Данная рукоять крайне не удобная.

----------


## verty

> Данная рукоять крайне не удобная.


 полностью согласен

----------


## PersCat

> Данная рукоять крайне не удобная.


  Но ножик прикольный

----------


## old cat

75 гырыны.

----------


## Сергей Андреев

http://mestoskidki.ru/view_sale.php?city=4&id=255751&back2=1&no=1   из набора?

----------


## old cat

ну вот уже - 55 грн.

----------


## old cat

мОЖно ЁЛку в КАпусТу накроЦАТЬ...

----------


## Скорук

хороший поварской нож не стоит 80 гривень. сразу видно что вы к кухне не имеете ни какого отношения.
а вы 5 салатов- 5 салатов)))))))))

----------


## old cat

> хороший поварской нож не стоит 80 гривень. сразу видно что вы к кухне не имеете ни какого отношения.
> а вы 5 салатов- 5 салатов)))))))))


 ...та у меня и кухни нет, вот и продаю....

----------


## old cat

50 укр. денег.

----------


## sashka.od

шо то не везет вам с этим ножиком)

----------


## old cat

> шо то не везет вам с этим ножиком)


 и не говори...

----------


## sashka.od

может окропить святым вином?)

----------


## мизантропf

http://www.metro-cc.ru/shop/ru/office/product/436567001001

----------


## old cat

> http://www.metro-cc.ru/shop/ru/office/product/436567001001


 и что?

----------


## мизантропf

> и что?


 И то что 50 ублей ему цена в магазине)))

----------


## old cat

> И то что 50 ублей ему цена в магазине)))

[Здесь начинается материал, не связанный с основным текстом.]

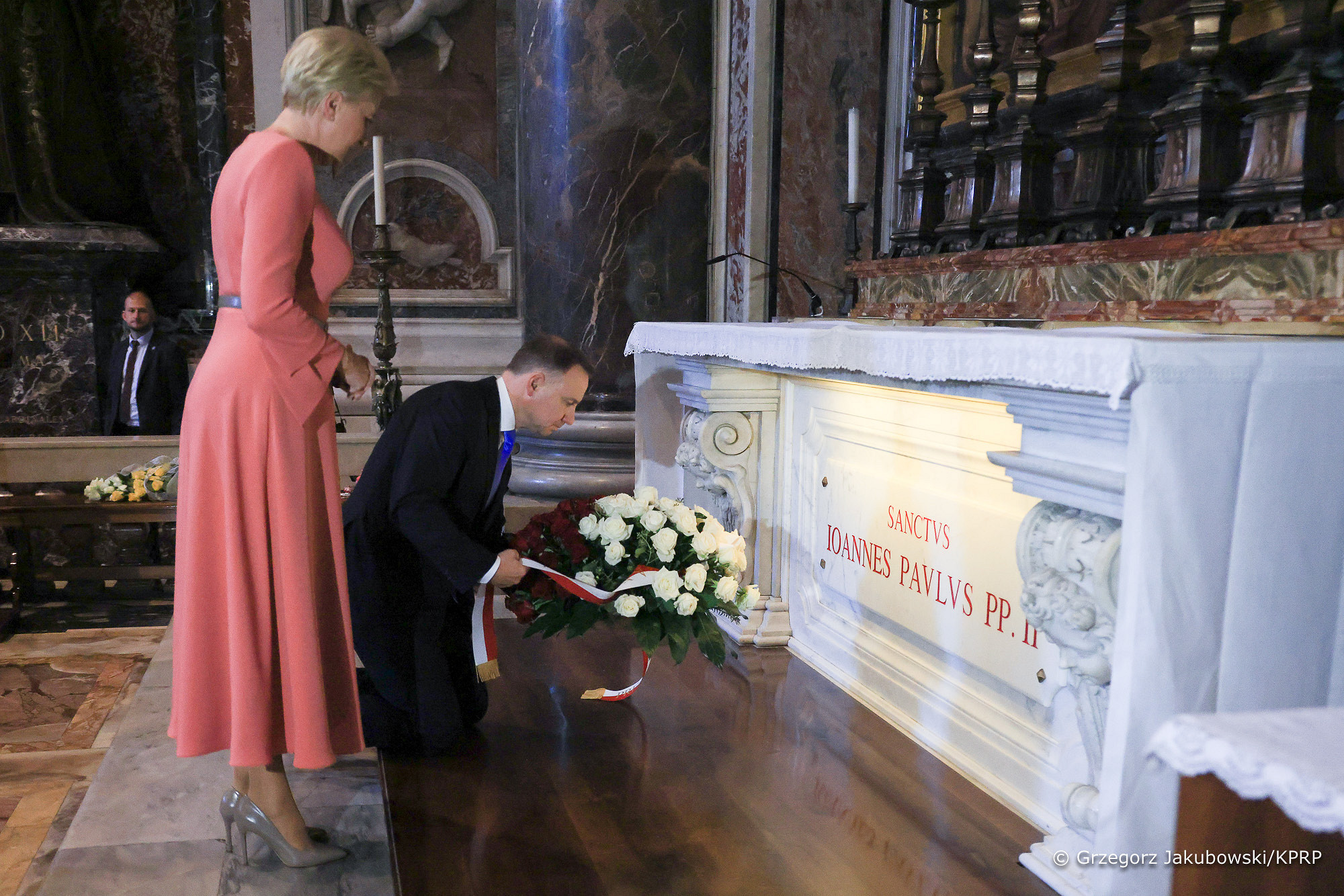 ll Presidente della Repubblica di Polonia Andrzej Duda, insieme alla Consorte Agata Kornhauser-Duda, ha deposto una corona di fiori sulla tomba di San Giovanni Paolo II nella Basilica di San Pietro in Vaticano nel giorno del 44° anniversario dell'elezione di Karol Wojtyła al soglio di Pietro.
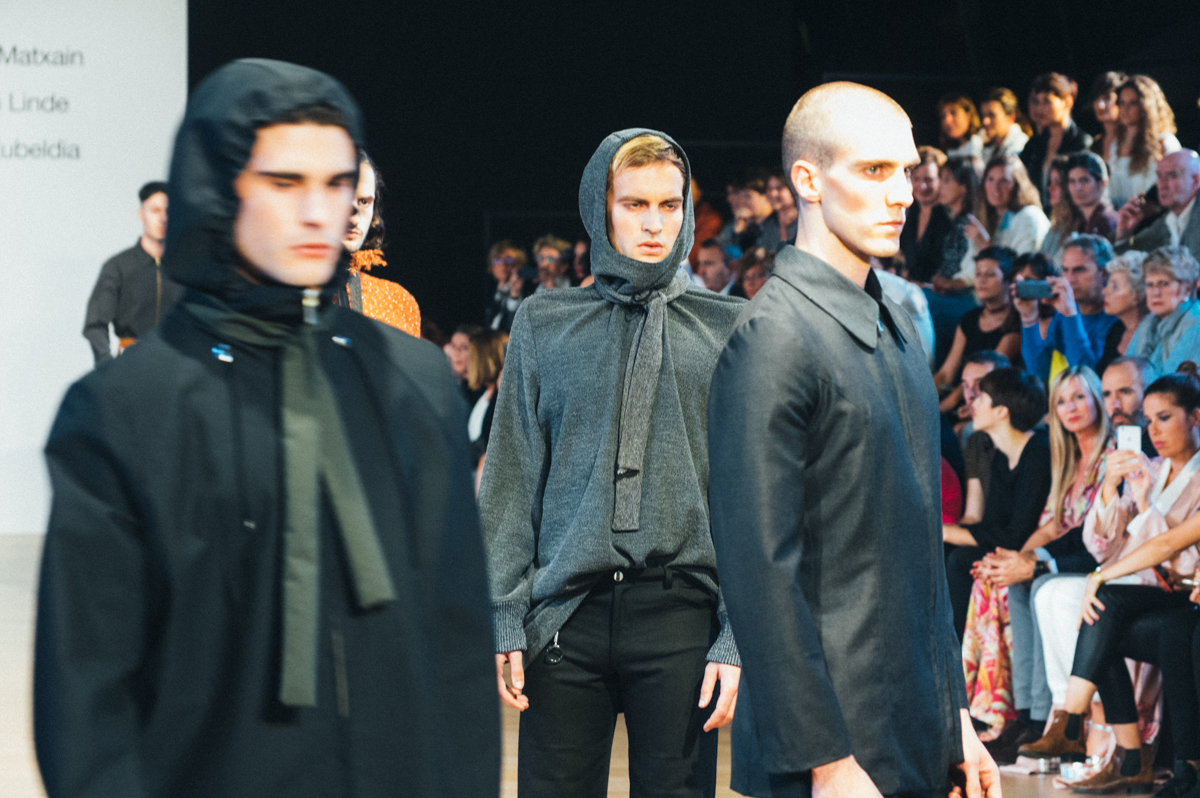 El viernes fue el turno para los 6 diseñadores residentes en el espacio que Kutxa Kultur tiene en Tabakalera. Goiuri Unanue presentó 8 diseños donde pudimos ver conjuntos de dos piezas con falda y pantalón en tonos granates, rosa y verde. Me encantó el toque de la boina para dar estilo francés a lo looks. Pispiripispo con su línea de ropa infantil, cómoda, de líneas rectas y estampados originales sacó la sonrisa de todos los presentes. Miguel Angel Lima mostró la propuesta arriesgada de la noche; un manifiesto de emociones entre el dolor y el placer. El vestido gris de su colección es uno de mis favoritos.

 ты ещё на китайские сайты можешь сослаться  :smileflag:

----------


## мизантропf

> ты ещё на китайские сайты можешь сослаться


 На китайских ему цена 5 ублей))))))

----------


## old cat

> На китайских ему цена 5 ублей))))))


 а какая цена твоим комментариям?
или это такая форма самоутверждения... :smileflag:

----------


## old cat



----------